My kids love to watch the movie, “Chicken Little“. And we all remember the story, sometimes referred to as The Sky is Falling. Chicken Little gets hit on the head with something that falls from a tree and mistakenly thinks the sky is falling. Then he runs around town freaking everyone out until they all realize he’s overreacting. Wikipedia says that the fable teaches us ‘the necessity for deductive reasoning and subsequent investigation‘.
As I was reading the Advertising Age article, “Social networks sink online-ad pricing”, I couldn’t help but recall the story of Chicken Little. The article talks about how social networking sites, Facebook in particular, are dominating page views and ad impressions. But a recent ComScore study shows that social networking sites are drawing an average CPM of $.56 vs. the Internet at large which is at $2.43.
This is my favorite part. “Some industry executives are concerned that Facebook and its ilk may in fact be reducing the overall pricing of CPMs”.
Well Boo F’ing Hoo.
If ads on social networking sites aren’t drawing high CPMs because they aren’t working, then maybe finally the online ad industry will realize its time to innovate and rethink the entire model. Putting commercials in front of people during TV shows back when there were like 5 channels was a successful strategy. Then people got VCRs. Then they upgraded to DVRs. And now commercials on TV are becoming less and less relevant.

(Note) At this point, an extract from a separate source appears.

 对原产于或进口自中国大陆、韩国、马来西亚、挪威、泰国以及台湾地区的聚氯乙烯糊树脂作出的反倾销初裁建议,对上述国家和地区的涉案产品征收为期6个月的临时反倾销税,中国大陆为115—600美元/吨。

So what are we seeing? More creative content that might start with a TV commercial but then extends to the web in social channels. Old Spice and Toyota’s Swagger Wagon are great examples of this. We’re also seeing product placement in shows such as the iPad in Modern Family and Cisco’s Teleconference in 30 Rock. That’s called progress.
Newspapers and magazines are going through this process right now as they realize printed content is becoming less and less relevant. Online digital magazines and iPad/tablet apps are the early attempts being sought to save this industry. I’m not sure it will work, but at least there’s an effort going on to innovate.

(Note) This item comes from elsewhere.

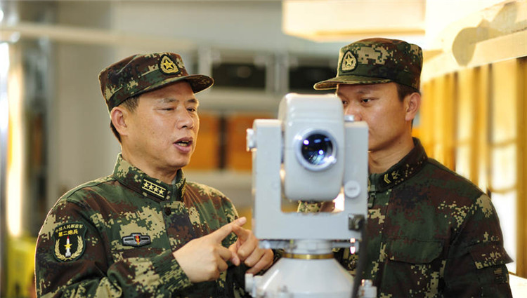 你也許早就聽(tīng)說(shuō)過(guò)他的故事,第二炮兵某導(dǎo)彈旅高級(jí)工程師38載堅(jiān)守深山導(dǎo)彈發(fā)射場(chǎng)。圖為譚清泉(左)講解專業(yè)知識(shí)。

So let’s stop belly-aching about how online ads are being hurt by social networking and start realizing that flashing up an online ad in front of someone, interrupting what they’re doing on the web, is a flawed model and hanging onto it for dear life is a sure way to find yourself hanging out with the dinosaurs of the past.
If you want to reach people on the web and specifically in social networking, you have to be relevant. You have to be engaging. You have to be honest and sincere. You have to listen. And you can’t interrupt what they’re doing with your own agenda.